■ **Dataset extract**:
※
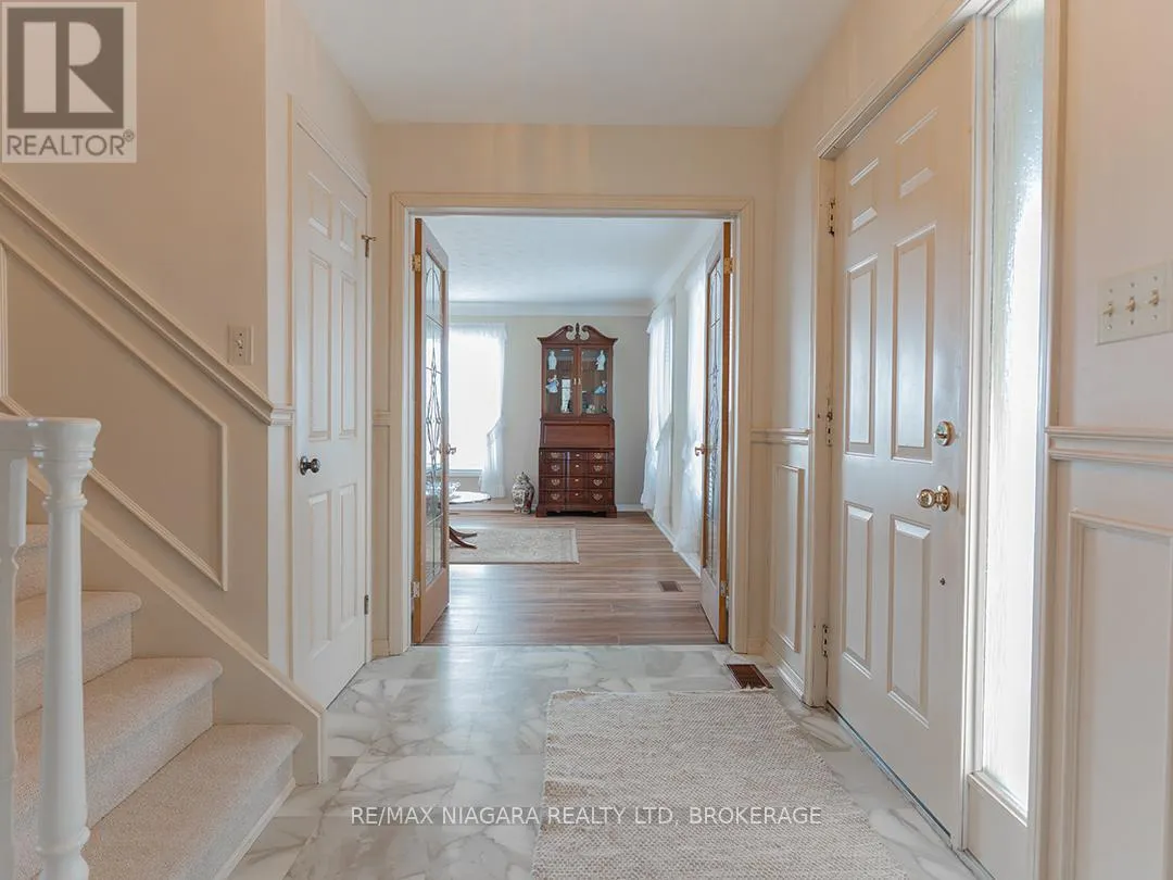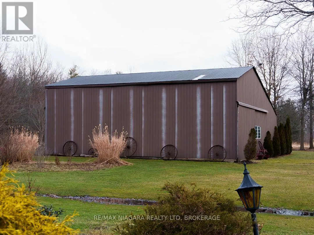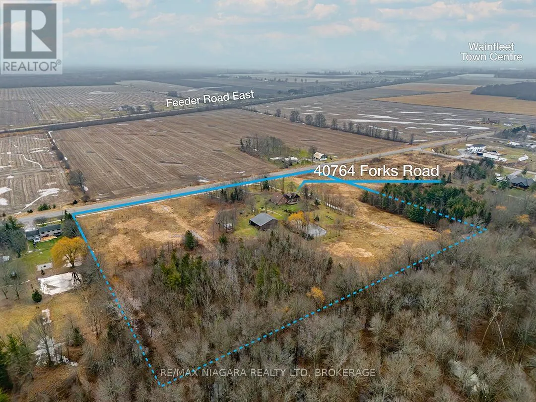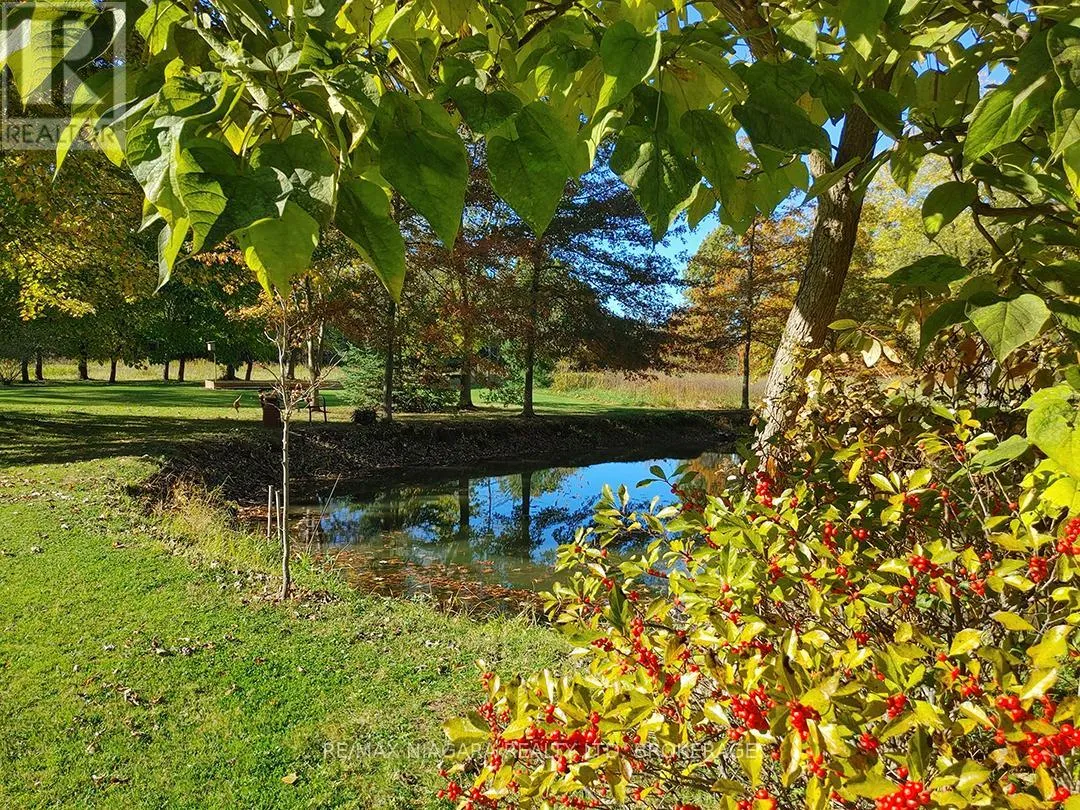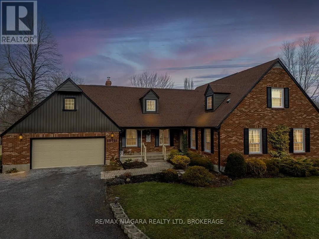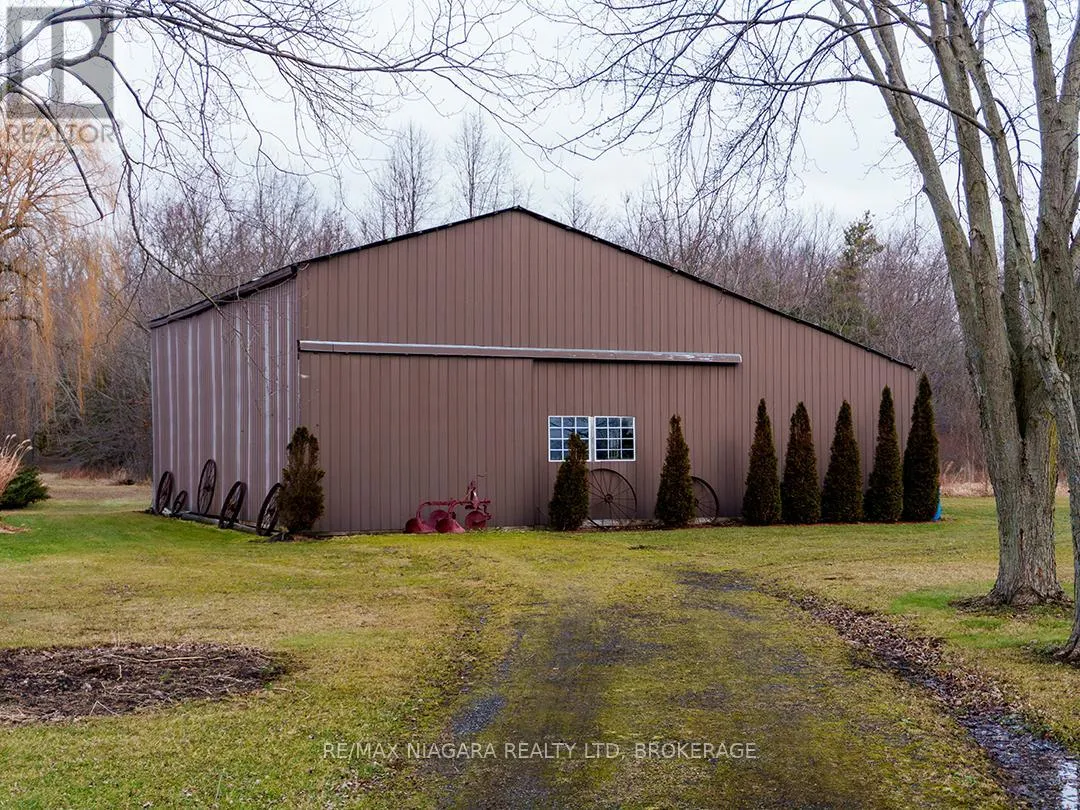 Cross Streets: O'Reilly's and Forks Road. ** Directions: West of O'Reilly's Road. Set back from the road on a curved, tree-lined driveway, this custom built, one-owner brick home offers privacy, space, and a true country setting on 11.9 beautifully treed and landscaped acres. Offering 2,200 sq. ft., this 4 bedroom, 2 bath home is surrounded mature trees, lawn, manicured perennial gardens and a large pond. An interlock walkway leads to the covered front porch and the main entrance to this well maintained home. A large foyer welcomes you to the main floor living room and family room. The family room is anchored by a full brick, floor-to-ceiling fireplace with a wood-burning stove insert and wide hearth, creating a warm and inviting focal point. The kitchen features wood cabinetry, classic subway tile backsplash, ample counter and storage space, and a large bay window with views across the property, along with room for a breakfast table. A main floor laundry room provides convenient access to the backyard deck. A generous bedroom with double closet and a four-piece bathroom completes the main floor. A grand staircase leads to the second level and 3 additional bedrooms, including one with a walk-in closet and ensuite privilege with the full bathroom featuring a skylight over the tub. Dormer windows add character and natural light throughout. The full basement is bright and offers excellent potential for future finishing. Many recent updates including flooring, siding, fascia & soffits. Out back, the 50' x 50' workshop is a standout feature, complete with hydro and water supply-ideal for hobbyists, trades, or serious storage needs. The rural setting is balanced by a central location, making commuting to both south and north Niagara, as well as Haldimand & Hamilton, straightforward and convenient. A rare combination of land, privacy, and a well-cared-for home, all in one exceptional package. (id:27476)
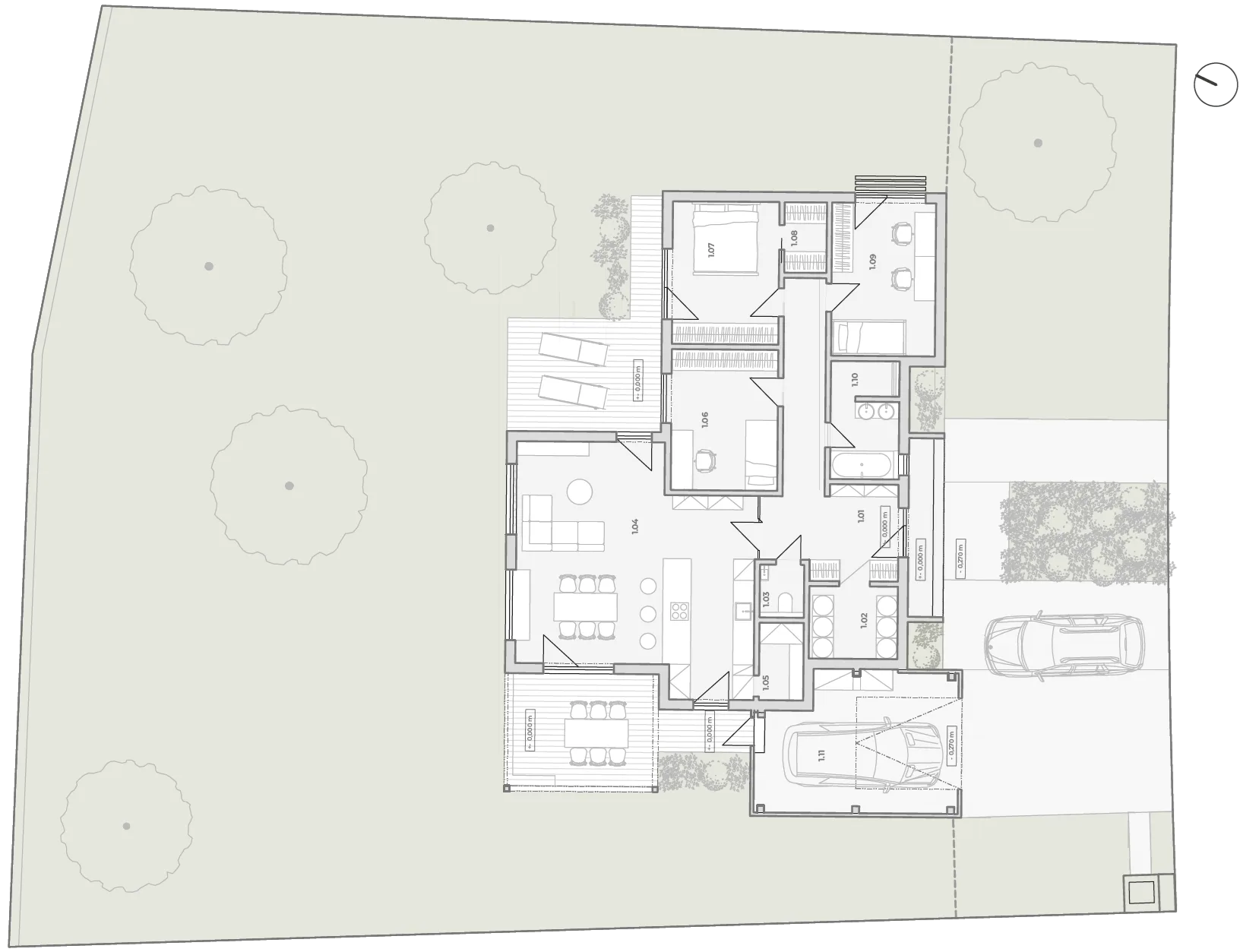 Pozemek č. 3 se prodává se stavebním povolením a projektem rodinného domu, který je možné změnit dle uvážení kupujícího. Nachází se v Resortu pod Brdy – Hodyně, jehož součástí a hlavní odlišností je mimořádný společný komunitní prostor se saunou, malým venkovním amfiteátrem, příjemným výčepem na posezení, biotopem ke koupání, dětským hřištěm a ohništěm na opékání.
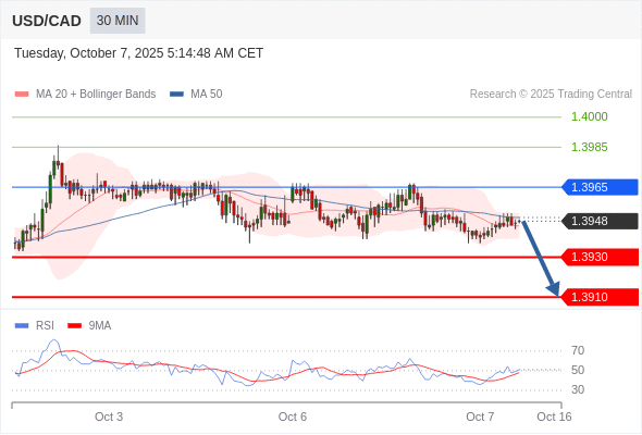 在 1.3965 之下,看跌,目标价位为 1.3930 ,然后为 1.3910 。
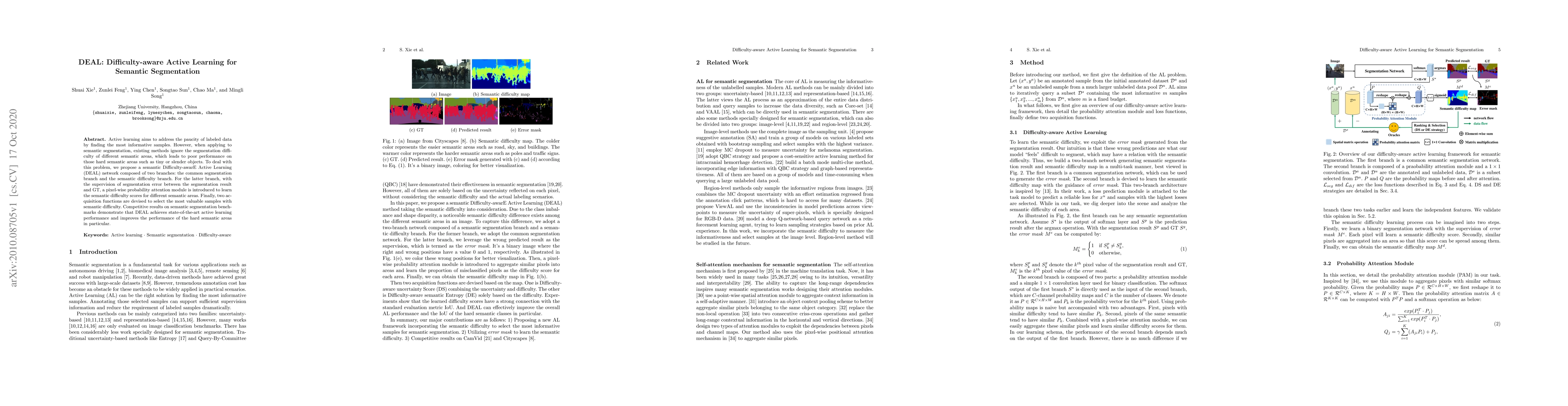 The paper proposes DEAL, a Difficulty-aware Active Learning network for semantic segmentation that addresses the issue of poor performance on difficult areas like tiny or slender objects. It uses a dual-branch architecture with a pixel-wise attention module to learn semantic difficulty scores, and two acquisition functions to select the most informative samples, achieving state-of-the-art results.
※
■ **Exercise goal**: Could you give again precisely the lines from the one containing "在 1.3965 之下,看跌,目标价位为 1.3930 ,然后为 1.3910 。" through the final line of the material above, both included, and no others, dropping the pictures?

■ **Worked solution**:
 在 1.3965 之下,看跌,目标价位为 1.3930 ,然后为 1.3910 。
 The paper proposes DEAL, a Difficulty-aware Active Learning network for semantic segmentation that addresses the issue of poor performance on difficult areas like tiny or slender objects. It uses a dual-branch architecture with a pixel-wise attention module to learn semantic difficulty scores, and two acquisition functions to select the most informative samples, achieving state-of-the-art results.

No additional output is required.